*Task*:
Once you find the line with "Well, they were" in the listing below, please repeat it and every later line exactly, through the last one, without pictures.

*Data block*:
- Opening Delimiter -
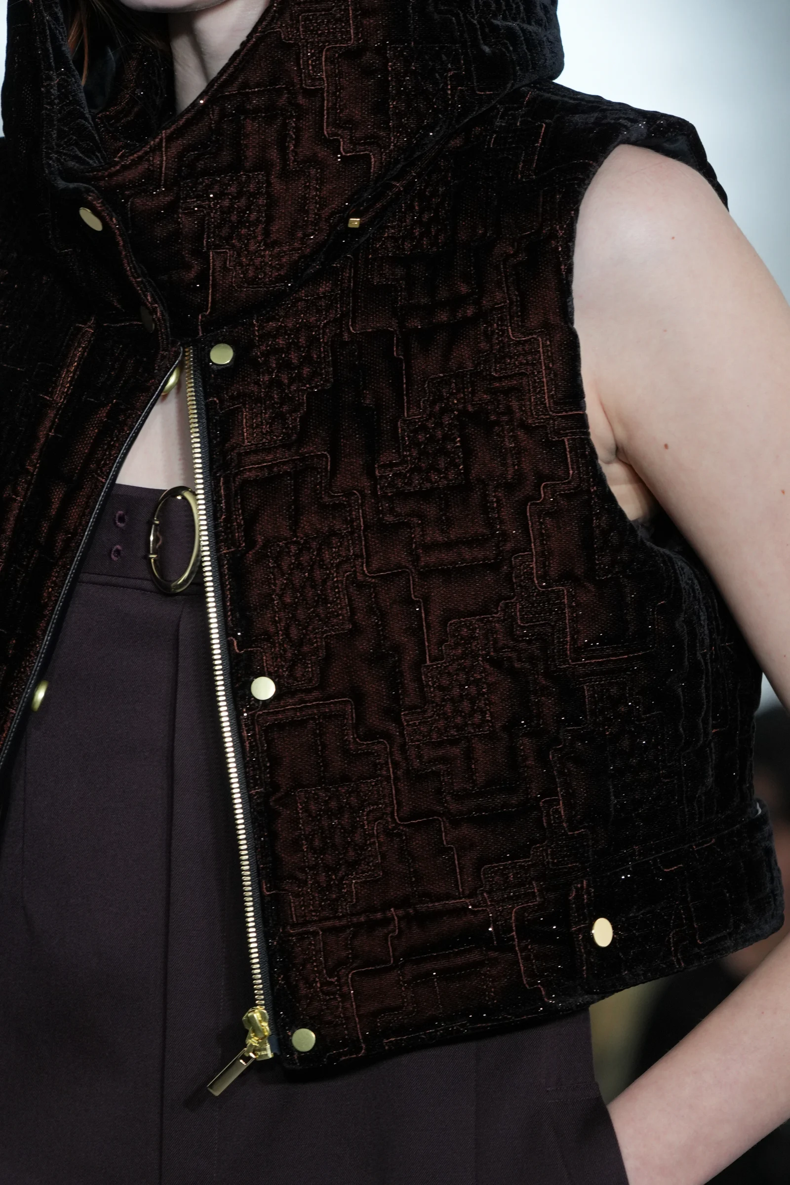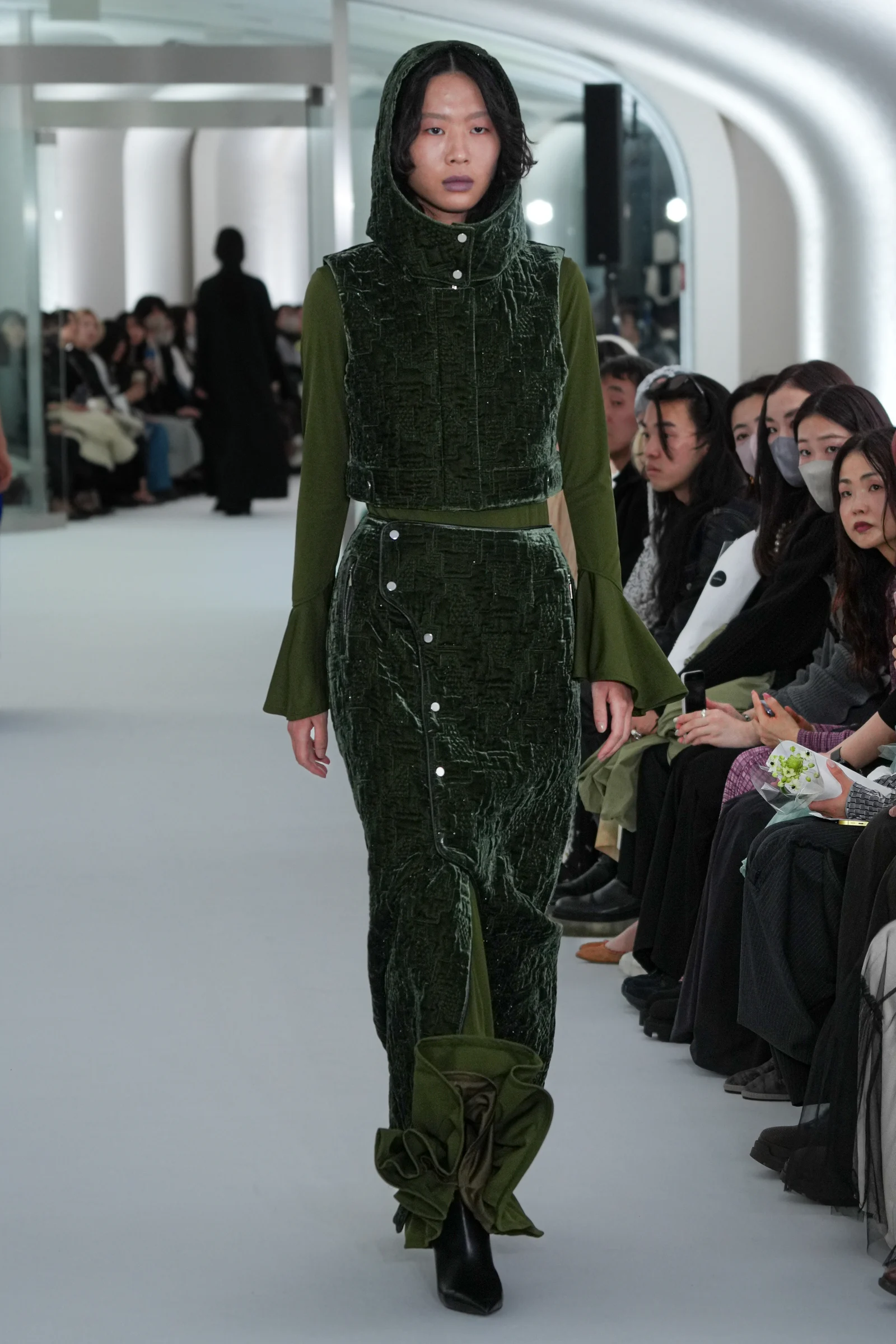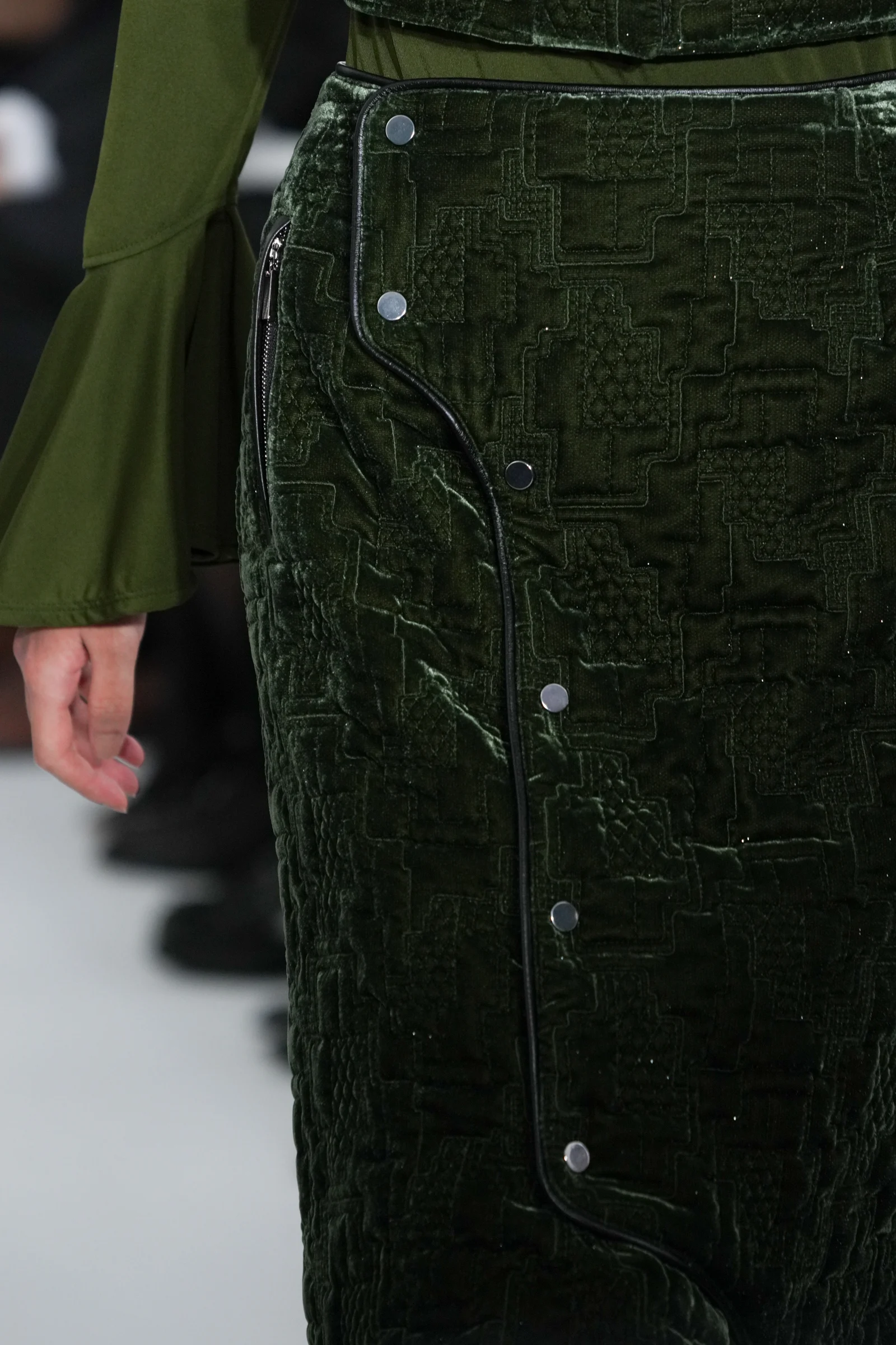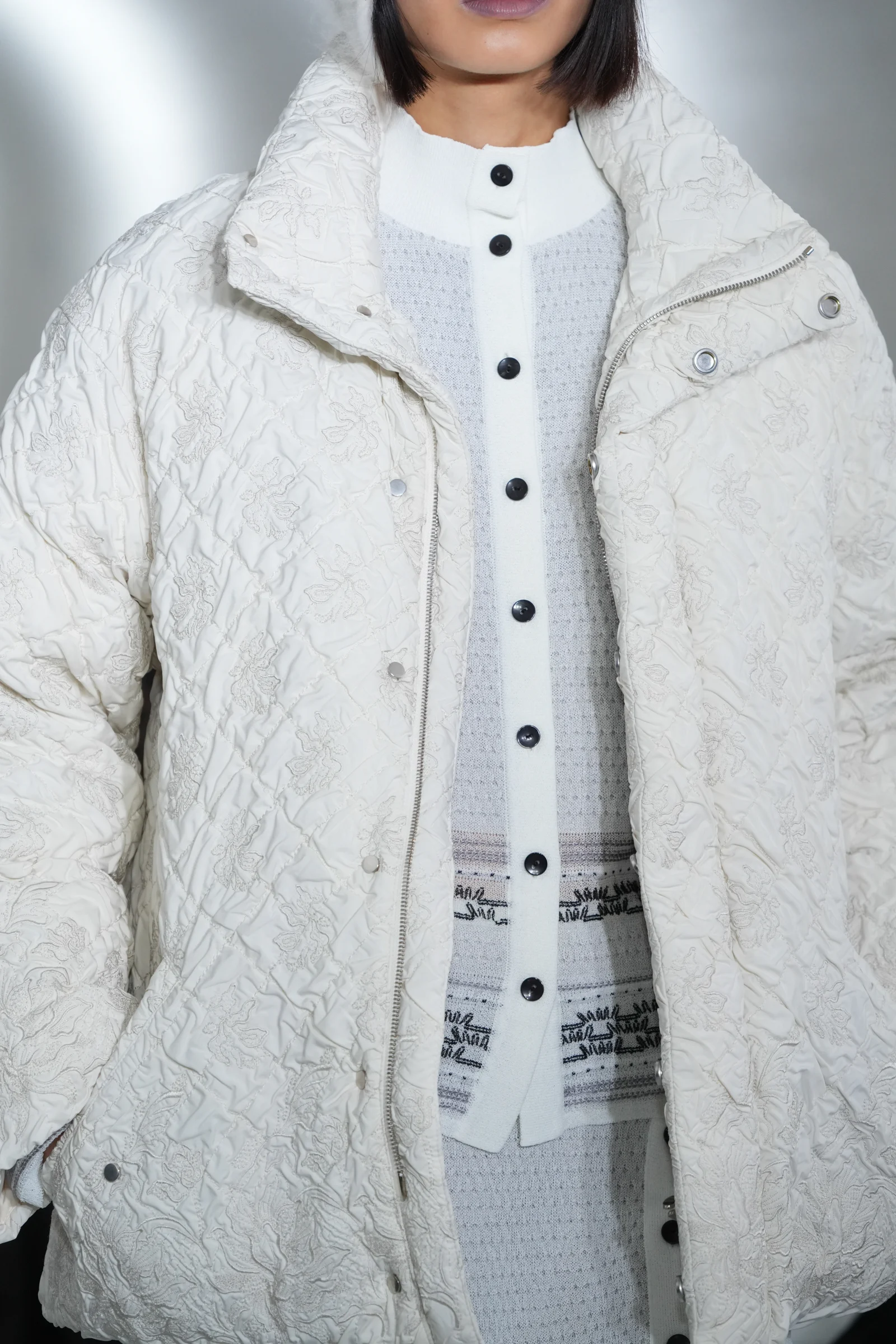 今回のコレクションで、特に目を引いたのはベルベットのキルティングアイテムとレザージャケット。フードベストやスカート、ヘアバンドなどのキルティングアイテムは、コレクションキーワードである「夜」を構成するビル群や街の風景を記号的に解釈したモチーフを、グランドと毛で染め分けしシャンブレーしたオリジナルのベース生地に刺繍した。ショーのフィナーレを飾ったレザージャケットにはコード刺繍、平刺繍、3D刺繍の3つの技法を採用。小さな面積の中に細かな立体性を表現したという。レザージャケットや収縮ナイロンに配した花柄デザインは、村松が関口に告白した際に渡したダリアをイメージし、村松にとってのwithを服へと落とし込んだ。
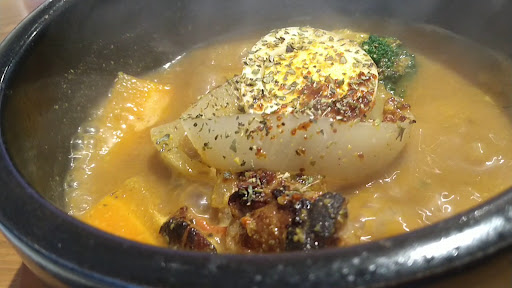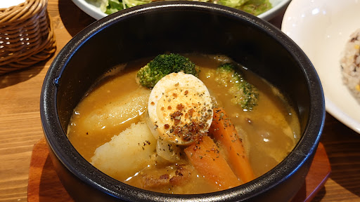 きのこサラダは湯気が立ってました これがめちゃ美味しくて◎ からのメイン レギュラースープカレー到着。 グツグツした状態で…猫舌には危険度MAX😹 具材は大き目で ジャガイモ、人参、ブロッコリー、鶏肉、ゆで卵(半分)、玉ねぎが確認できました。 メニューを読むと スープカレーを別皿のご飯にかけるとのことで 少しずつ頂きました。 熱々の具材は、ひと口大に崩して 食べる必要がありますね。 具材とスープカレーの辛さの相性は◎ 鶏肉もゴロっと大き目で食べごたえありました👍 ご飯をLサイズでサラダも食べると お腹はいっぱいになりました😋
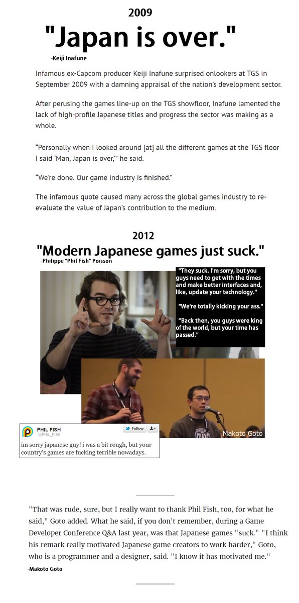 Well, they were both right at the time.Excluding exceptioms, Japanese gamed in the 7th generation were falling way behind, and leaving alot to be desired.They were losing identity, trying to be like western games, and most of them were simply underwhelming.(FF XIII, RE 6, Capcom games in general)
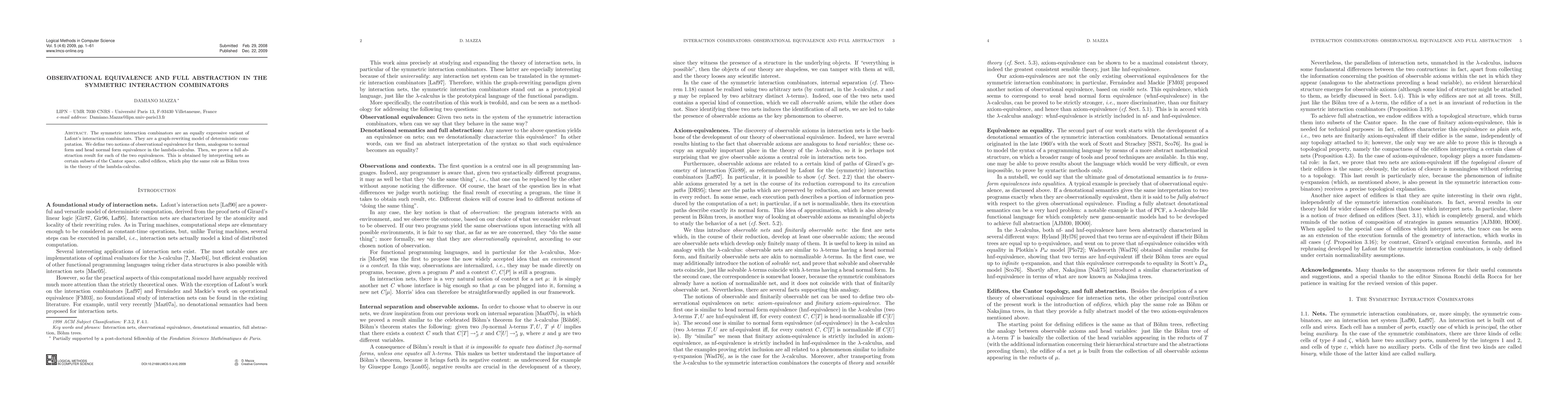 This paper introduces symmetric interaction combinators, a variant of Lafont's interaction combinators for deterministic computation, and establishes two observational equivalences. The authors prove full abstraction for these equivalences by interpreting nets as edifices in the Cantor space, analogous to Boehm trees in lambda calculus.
- Closing Delimiter -
*Solved exercise*:
 Well, they were both right at the time.Excluding exceptioms, Japanese gamed in the 7th generation were falling way behind, and leaving alot to be desired.They were losing identity, trying to be like western games, and most of them were simply underwhelming.(FF XIII, RE 6, Capcom games in general)
 This paper introduces symmetric interaction combinators, a variant of Lafont's interaction combinators for deterministic computation, and establishes two observational equivalences. The authors prove full abstraction for these equivalences by interpreting nets as edifices in the Cantor space, analogous to Boehm trees in lambda calculus.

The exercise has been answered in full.